What you need to do ::
From the line containing "Oct 1973 | 2 |" down to the line containing "Fin og guldfarvet" in the records below, reproduce every line exactly, ends included, and omit all others.

Provided data ::
******

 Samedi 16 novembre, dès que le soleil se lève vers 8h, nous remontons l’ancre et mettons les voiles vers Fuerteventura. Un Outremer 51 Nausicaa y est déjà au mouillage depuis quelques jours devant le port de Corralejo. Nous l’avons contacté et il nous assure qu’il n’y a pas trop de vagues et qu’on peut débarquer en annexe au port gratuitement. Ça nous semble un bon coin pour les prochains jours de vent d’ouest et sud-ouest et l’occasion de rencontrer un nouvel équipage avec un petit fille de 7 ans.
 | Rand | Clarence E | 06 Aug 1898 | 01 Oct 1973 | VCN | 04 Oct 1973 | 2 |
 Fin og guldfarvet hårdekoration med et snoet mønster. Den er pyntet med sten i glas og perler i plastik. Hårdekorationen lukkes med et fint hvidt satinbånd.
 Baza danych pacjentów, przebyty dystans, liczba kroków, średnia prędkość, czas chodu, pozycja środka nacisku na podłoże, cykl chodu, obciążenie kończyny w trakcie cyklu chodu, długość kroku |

******

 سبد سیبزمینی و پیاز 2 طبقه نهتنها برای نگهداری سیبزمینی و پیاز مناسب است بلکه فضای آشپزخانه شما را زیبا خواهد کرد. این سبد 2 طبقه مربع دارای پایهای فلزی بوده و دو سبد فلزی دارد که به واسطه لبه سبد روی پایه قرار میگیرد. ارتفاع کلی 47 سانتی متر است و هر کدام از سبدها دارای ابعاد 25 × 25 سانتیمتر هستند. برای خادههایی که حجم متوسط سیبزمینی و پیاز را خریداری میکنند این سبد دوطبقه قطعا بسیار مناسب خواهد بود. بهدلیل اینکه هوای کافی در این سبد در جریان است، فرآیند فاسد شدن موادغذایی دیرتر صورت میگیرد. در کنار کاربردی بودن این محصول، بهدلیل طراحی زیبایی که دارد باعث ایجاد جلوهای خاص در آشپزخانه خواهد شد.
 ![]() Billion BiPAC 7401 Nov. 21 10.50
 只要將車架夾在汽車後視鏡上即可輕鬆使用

******

Task solution ::
 | Rand | Clarence E | 06 Aug 1898 | 01 Oct 1973 | VCN | 04 Oct 1973 | 2 |
 Fin og guldfarvet hårdekoration med et snoet mønster. Den er pyntet med sten i glas og perler i plastik. Hårdekorationen lukkes med et fint hvidt satinbånd.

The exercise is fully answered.